From: Kent Tegels <ktegels@-------.--->
Date: 3/18/2006 1:12:00 PM
Hello jockster,

> Apologise for the simplistic newbie question.
> I need to get transform many (100's) of word documents into XML for
> import into SQL Server 2000 (or 2005) in an easy and efficient manner.
> Objective is as follows,
> 1. Sections/paragraphs of the individual word documents can be queried
> and then published from SQL Server.

Your best choice here then is to have save the Word Docs as XML [0] (Office 
2003 can do that and you should be able to write a little VSTO application 
that does over a folder-full of directories as needed).
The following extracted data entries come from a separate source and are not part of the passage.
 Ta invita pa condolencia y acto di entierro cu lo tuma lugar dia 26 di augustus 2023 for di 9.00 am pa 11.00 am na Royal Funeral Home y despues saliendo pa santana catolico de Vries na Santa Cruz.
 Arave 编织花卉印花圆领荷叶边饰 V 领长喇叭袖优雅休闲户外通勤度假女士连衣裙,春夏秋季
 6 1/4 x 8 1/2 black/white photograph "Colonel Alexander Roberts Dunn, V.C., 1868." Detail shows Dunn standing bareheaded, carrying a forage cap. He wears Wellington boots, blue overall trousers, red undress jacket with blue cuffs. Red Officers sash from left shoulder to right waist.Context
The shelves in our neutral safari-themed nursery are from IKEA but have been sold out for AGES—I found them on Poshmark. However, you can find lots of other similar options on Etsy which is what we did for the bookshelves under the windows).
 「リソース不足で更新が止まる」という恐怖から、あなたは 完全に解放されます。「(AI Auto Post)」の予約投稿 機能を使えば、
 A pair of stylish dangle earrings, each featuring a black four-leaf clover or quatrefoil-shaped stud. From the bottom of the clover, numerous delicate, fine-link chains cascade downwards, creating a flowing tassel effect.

> 2. Should be able to (easily if possible) tag sections/paragraphs of
> word documents (from within Word) prior to conversion to XML.Tagging
> information should then be able to be imported and used to facilitate
> search for documents in SQL Server

Not sure what you're really aiming at here. The OfficeXML format in O11 writes 
paragraphs nicely and you might be able to mark sections and so on using 
existing features in Word itself. You should then be able to use XQuery over 
that in SQL Serve 2005.

> 3. If it was possible to create a template within Word to better
> enable the above then that would be good for when new documents are
> produced by original authors

That should be completely doable, and then you help make the document itself 
more intelligent by using VSTO as well. More on VSTO at [1].
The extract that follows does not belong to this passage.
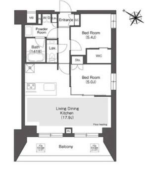 | 間取り | 2LDK (LDK17.9帖 , 洋室5.4帖・5.0帖) | ||
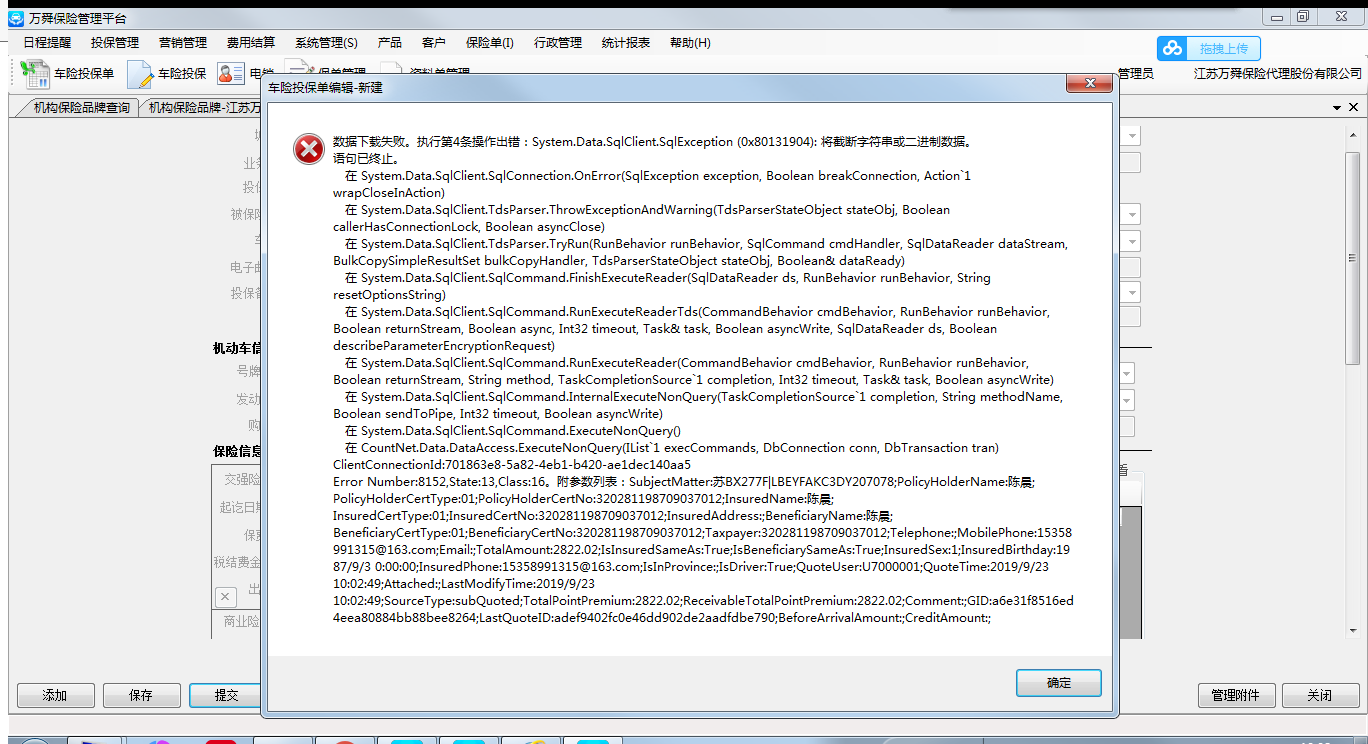 【江苏万舜】太保老系统,提交到已报价时提示将截断字符串或二进制数据。

> If people could suggest methods, tools and or books/articles
> explaining how the above can be acheived I would be very grateful

Aside from the VSTO Link, there's an article or two in my blog about loading 
and querying XML documents into SQL Server. The basic trick is to use some 

insert into select * from openrowset(bulk 'path-to-file',single_blob) 
as p 

to load

and then use something like:

select doc.query('...') from where doc.exist(...) 

to find whatever it is your looking for. Its pretty easy to do against the 
document properties. Content queries are helped much by combining Full-Text 
Search and XQuery.


Thank you,
Kent Tegels